— Я не хочу… Меня не надо вешать…
Они замолчали. Вернер снова нашел руку эстонца и крепко зажал ее между своими сухими и горячими ладонями. Лежала она неподвижно, дощечкой, но отобрать ее Янсон больше не пытался…
— Куда мы едем? — спросил вдруг Янсон.
Вернер ответил и крепче сжал руку эстонца. Хотелось сказать что-то особенно дружеское, ласковое, и уже любил он его так, как никого в жизни.
— Милый! Тебе, кажется, неудобно сидеть. Подвигайся сюда, ко мне.
Янсон помолчал и ответил:
— Ну, спасибо. Мне хорошо».
И потом в вагоне, когда все едут вместе, Янсон пробует курить, но не может и плачет, — «около него засуетились, Таня Ковальчук, обильно плача, гладила его по рукаву и поправляла свисавшие крылья облезлой шапки:
— Родненький ты мой. Миленький, да не плачь, да родненький же ты мой! Да несчастненький же ты мой!»
Полюбить, «как никого в жизни», такое грязное, тупое, злое животное — разве это возможно? Полюбить Янсона, воскресить Лазаря — два равные чуда. Для такой любви что значит смерть? Смерть, где твое жало? Ад, где твоя победа?
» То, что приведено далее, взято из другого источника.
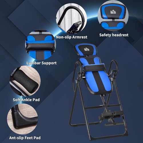 HOMCOM Foldable Gravity Inversion Table, Back Therapy Fitness Bench w/Soft Ankle Cushions, for Home, Office, Gym – Black

Любовь и есть сошествие в ад, победа над адом и смертью, воскресение — праздник из праздников.
Вернеру «казалось минутами, что они едут на какой-то праздник; странно, но почти все ехавшие на казнь ощущали то же и, наряду с тоскою и ужасом, радовались смутно тому необыкновенному, что сейчас произойдет».
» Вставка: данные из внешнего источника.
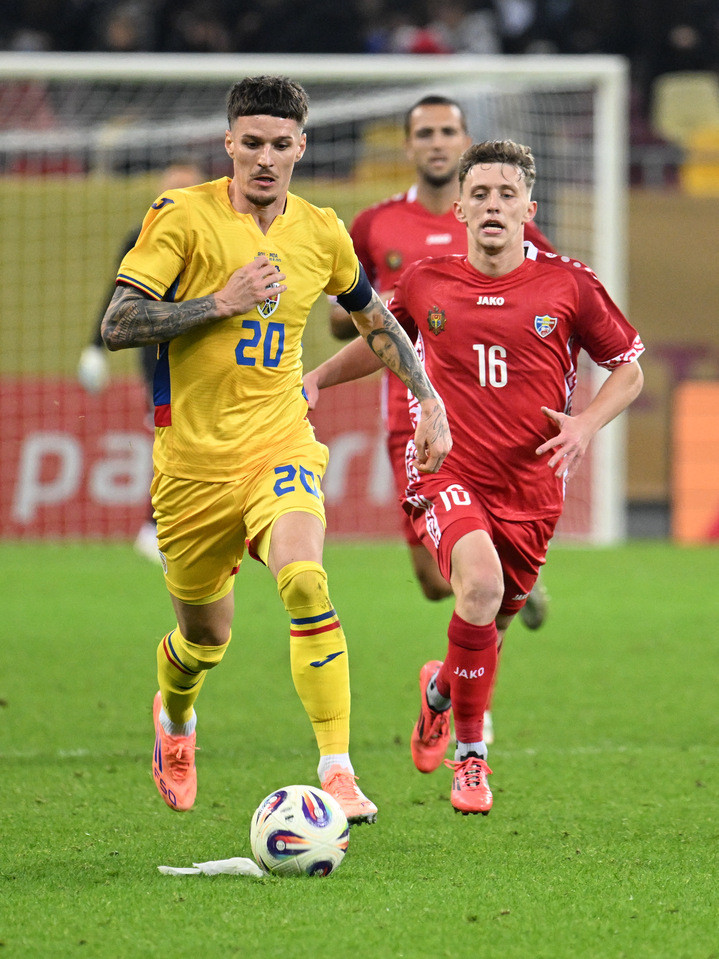 Descriere: Dennis Man si Danila Forov in meciul amical de fotbal dintre Romania si Moldova, desfasurat pe Arena Nationala din Bucuresti, joi 9 octombrie 2025. © FOTO:Razvan Pasarica/SPORT PICTURES

На этом празднике вода слез претворяется в вино — вино радости новой.
Старухе, матери одного из казнимых, чудится в бреду, «что она пирует на свадьбе: женят сына, и она выпила вина и захмелела сильно.
— Не могу. Ей же Богу, не могу! — отказывалась она, а ей все лили вино, все лили».
И вино претворяется в кровь, когда чистая девушка Муся и разбойник Цыганок идут вместе на казнь, как жених и невеста, как «сыны чертога брачного», чтобы совершить в смерти брачную тайну любви, тайну воскресения.
«Муся шагнула вперед и тихо сказала:
— Пойдемте со мной.
Цыганок отшатнулся и дико выворотил на нее белки.
— С тобою?
— Да.
— Ишь ты. Маленькая какая! А не боишься? А то уж я один лучше. Чего там!
— Нет, не боюсь.
— Ишь ты! А ведь разбойник. Не брезгуешь? А то лучше не надо. Я сердиться на тебя не буду.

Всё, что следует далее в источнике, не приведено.